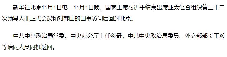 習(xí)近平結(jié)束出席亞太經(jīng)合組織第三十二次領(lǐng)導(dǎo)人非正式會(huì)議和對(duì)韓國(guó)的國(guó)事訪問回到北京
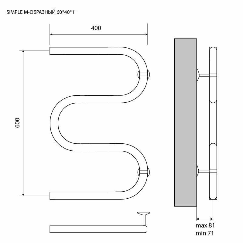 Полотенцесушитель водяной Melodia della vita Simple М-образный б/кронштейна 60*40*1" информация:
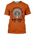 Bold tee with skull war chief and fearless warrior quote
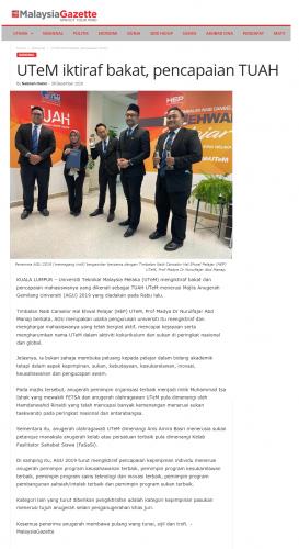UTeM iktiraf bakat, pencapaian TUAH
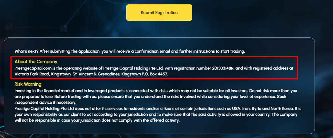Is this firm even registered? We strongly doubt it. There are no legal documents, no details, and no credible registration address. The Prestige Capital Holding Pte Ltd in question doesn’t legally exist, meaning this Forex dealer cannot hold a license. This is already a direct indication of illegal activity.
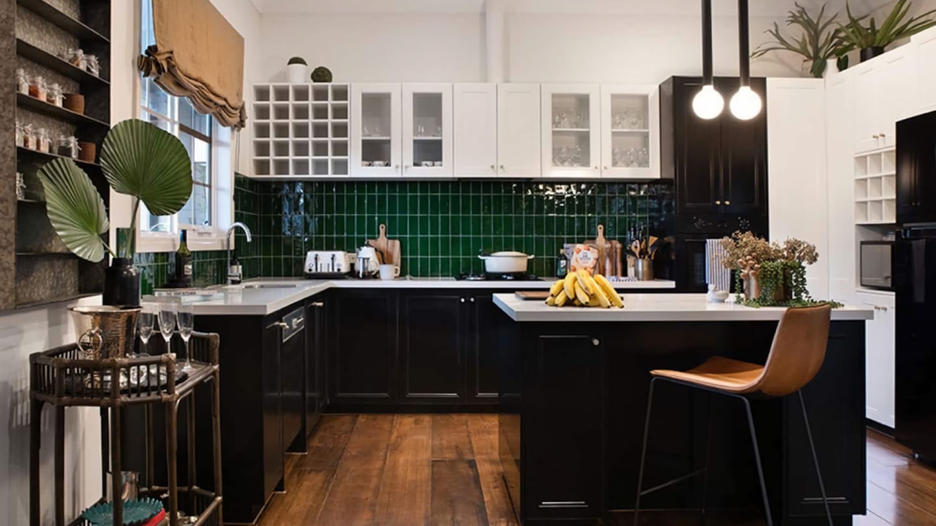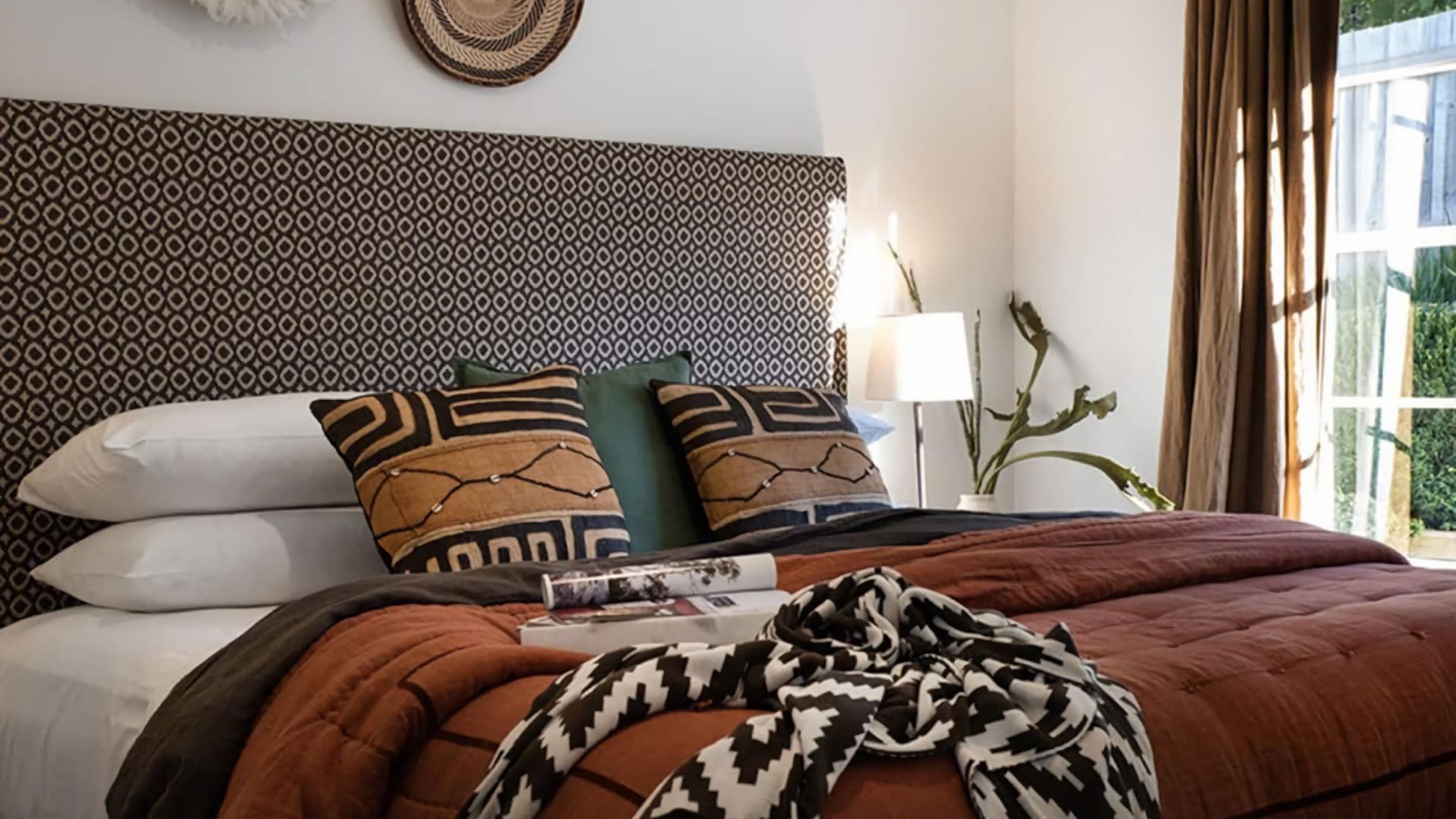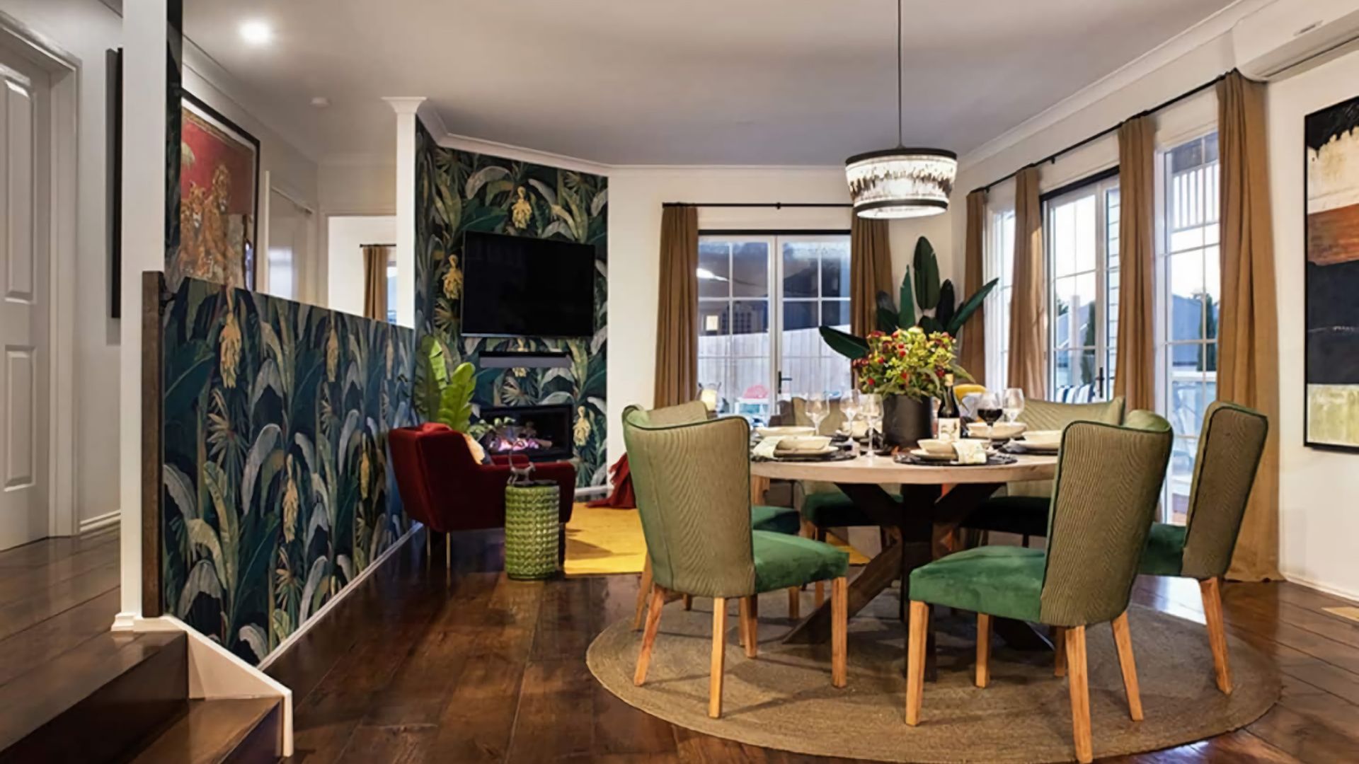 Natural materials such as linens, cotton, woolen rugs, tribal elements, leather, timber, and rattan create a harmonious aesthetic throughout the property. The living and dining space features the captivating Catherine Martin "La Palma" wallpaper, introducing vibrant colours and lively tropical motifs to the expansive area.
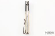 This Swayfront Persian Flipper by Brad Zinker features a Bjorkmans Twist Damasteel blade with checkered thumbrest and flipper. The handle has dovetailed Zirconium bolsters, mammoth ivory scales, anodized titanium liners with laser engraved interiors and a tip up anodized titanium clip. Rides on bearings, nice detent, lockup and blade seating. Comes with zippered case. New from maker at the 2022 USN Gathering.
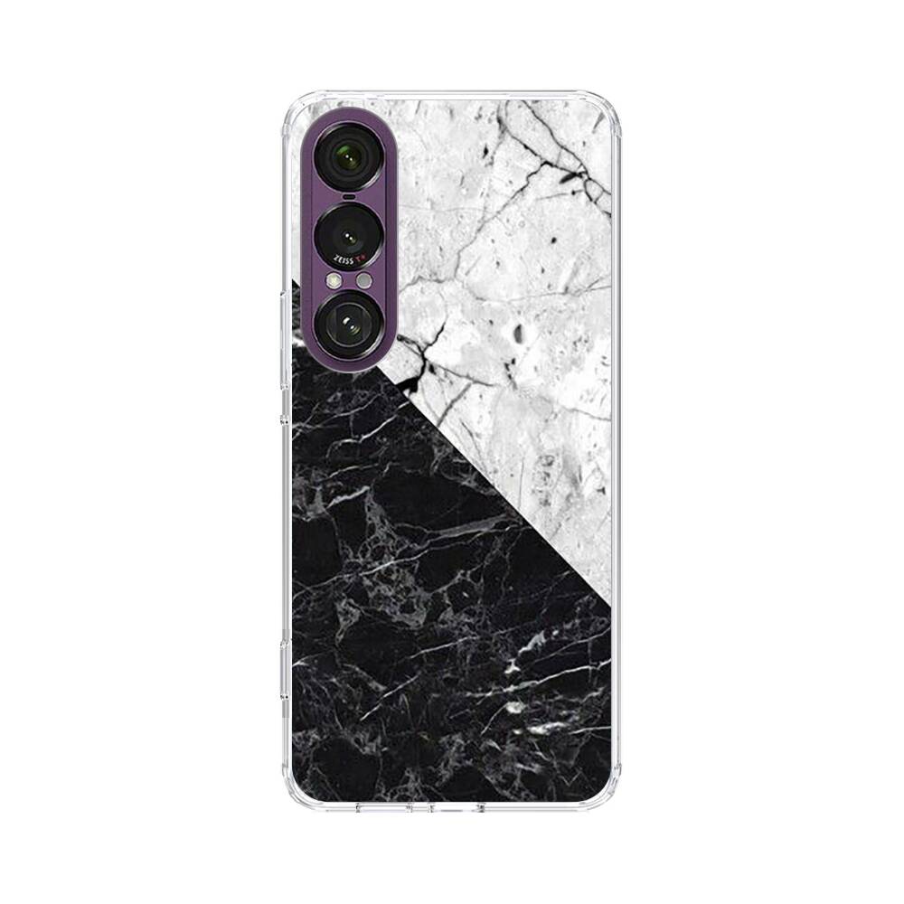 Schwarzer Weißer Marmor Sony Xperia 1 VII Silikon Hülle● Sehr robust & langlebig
▬▬▬
Nothing but the records above, retyped exactly and stripped of images, should appear in the answer.

• [Answer section]:
 習(xí)近平結(jié)束出席亞太經(jīng)合組織第三十二次領(lǐng)導(dǎo)人非正式會(huì)議和對(duì)韓國(guó)的國(guó)事訪問回到北京
 Полотенцесушитель водяной Melodia della vita Simple М-образный б/кронштейна 60*40*1" информация:
 Bold tee with skull war chief and fearless warrior quote
UTeM iktiraf bakat, pencapaian TUAH
Is this firm even registered? We strongly doubt it. There are no legal documents, no details, and no credible registration address. The Prestige Capital Holding Pte Ltd in question doesn’t legally exist, meaning this Forex dealer cannot hold a license. This is already a direct indication of illegal activity.
 Natural materials such as linens, cotton, woolen rugs, tribal elements, leather, timber, and rattan create a harmonious aesthetic throughout the property. The living and dining space features the captivating Catherine Martin "La Palma" wallpaper, introducing vibrant colours and lively tropical motifs to the expansive area.
 This Swayfront Persian Flipper by Brad Zinker features a Bjorkmans Twist Damasteel blade with checkered thumbrest and flipper. The handle has dovetailed Zirconium bolsters, mammoth ivory scales, anodized titanium liners with laser engraved interiors and a tip up anodized titanium clip. Rides on bearings, nice detent, lockup and blade seating. Comes with zippered case. New from maker at the 2022 USN Gathering.
 Schwarzer Weißer Marmor Sony Xperia 1 VII Silikon Hülle● Sehr robust & langlebig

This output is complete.